## [ACTIVITY]
Only an exact repetition of the lines from the one holding "Just five cards" to the end of the data is wanted, with pictures left out.

(Entries taken from a collection)
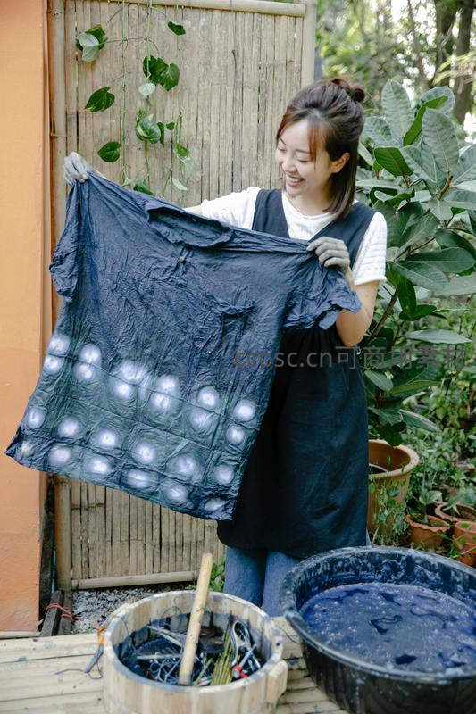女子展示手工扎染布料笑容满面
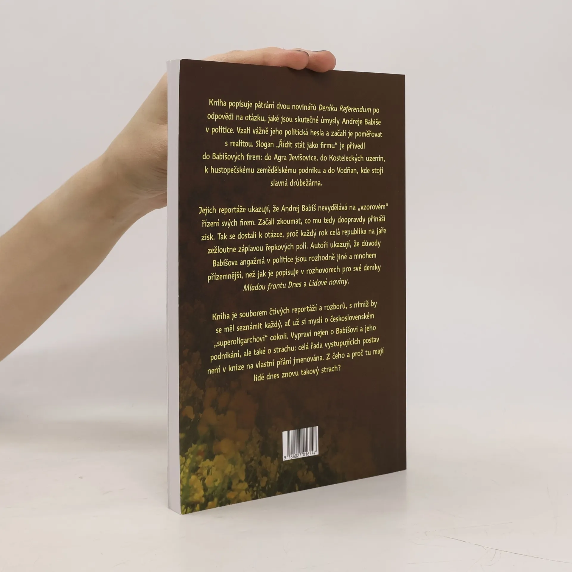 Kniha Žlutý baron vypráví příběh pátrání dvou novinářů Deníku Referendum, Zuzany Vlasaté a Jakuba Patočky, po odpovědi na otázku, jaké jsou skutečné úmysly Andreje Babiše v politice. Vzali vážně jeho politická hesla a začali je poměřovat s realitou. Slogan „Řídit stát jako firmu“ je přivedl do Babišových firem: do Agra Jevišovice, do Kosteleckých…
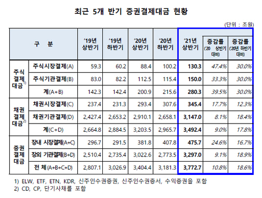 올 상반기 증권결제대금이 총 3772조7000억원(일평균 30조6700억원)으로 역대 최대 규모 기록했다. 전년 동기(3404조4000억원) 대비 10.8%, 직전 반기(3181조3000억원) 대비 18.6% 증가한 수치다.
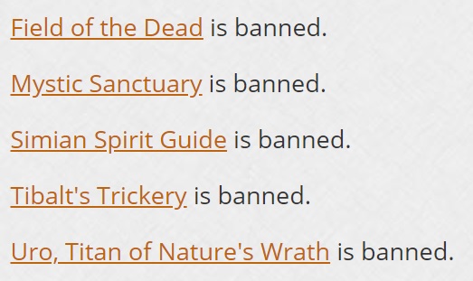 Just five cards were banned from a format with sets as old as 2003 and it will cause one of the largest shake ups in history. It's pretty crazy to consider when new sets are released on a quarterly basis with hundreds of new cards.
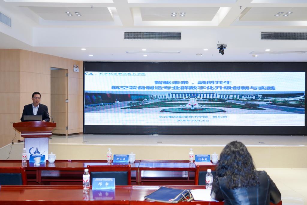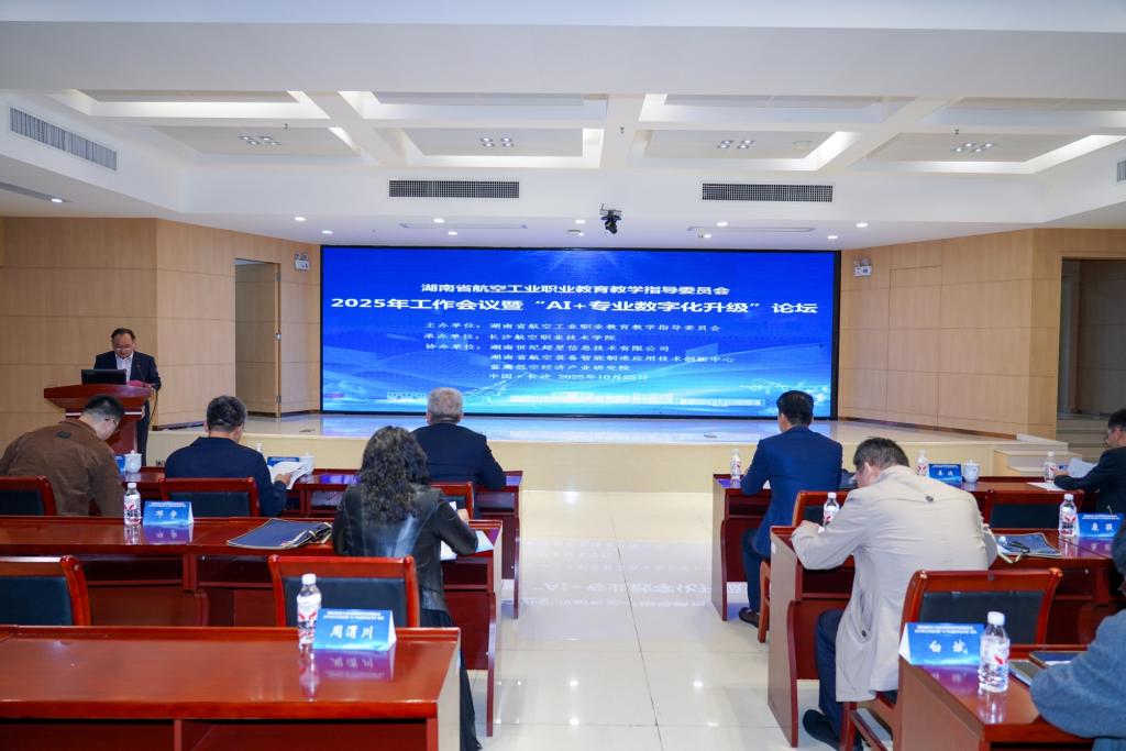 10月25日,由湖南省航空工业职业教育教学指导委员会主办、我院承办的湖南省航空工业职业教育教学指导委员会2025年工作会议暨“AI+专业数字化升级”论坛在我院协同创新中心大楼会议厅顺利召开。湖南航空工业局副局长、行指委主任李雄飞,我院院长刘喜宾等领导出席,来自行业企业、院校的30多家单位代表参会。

## [EXERCISE ANSWER]
 Just five cards were banned from a format with sets as old as 2003 and it will cause one of the largest shake ups in history. It's pretty crazy to consider when new sets are released on a quarterly basis with hundreds of new cards.
 10月25日,由湖南省航空工业职业教育教学指导委员会主办、我院承办的湖南省航空工业职业教育教学指导委员会2025年工作会议暨“AI+专业数字化升级”论坛在我院协同创新中心大楼会议厅顺利召开。湖南航空工业局副局长、行指委主任李雄飞,我院院长刘喜宾等领导出席,来自行业企业、院校的30多家单位代表参会。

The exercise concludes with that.